The 1912 United States presidential election in New Mexico took place on November 5, 1912, and all contemporary forty-eight states participated as part of the 1912 United States presidential election. Voters chose three electors to represent them in the Electoral College, which voted for President and Vice President.

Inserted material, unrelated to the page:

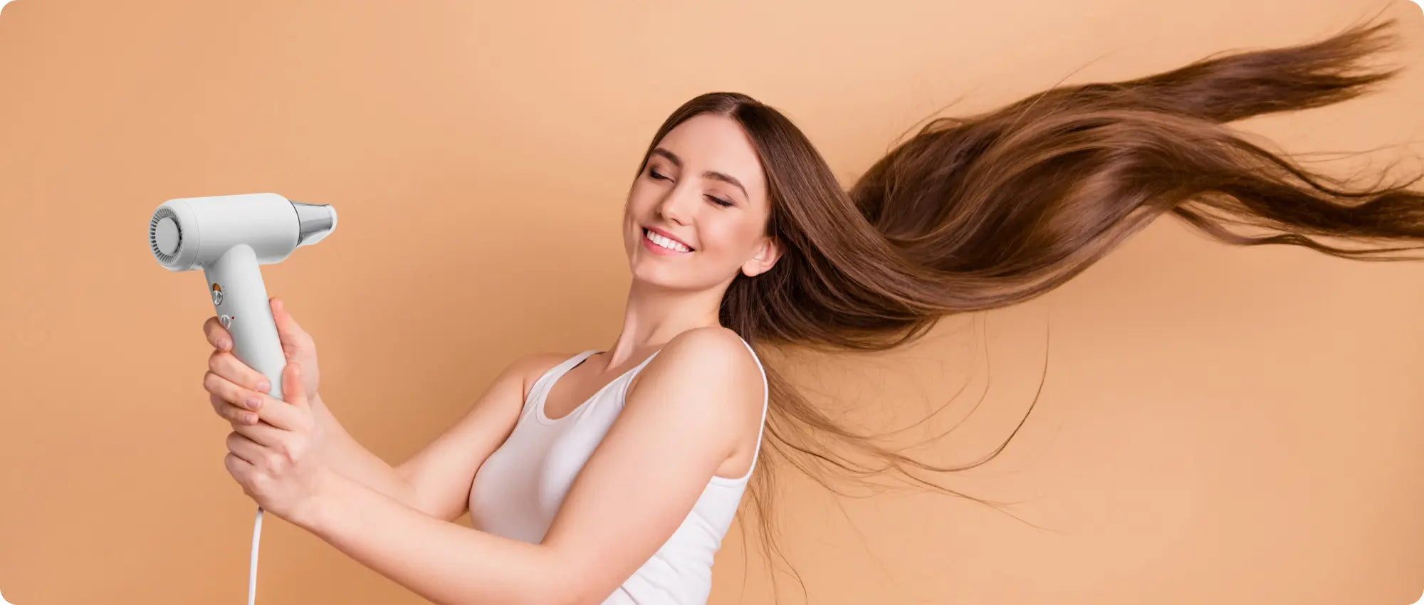 The 1-Care Hair Dryer's high-speed motor reaching up to 110,000 RPM cuts drying time significantly, while its built-in ion generator releases up to 2 billion negative ions to instantly smooth frizz and static for sleek, shiny hair.

This was the first presidential election in which New Mexico participated, having been admitted to the union as the 47th state on January 6, 1912. During the period between New Mexico's annexation by the United States and statehood, the area was divided between largely Republican machine-run highland regions and its firmly Southern Democrat and Baptist "Little Texas" region to the southeast. Running for reelection against the reformist policies of Wilson was William H. Taft, who secured the Republican nomination over Theodore Roosevelt. To counter not receiving the Republican nomination, Roosevelt then ran for president under his own Bull-Moose Party.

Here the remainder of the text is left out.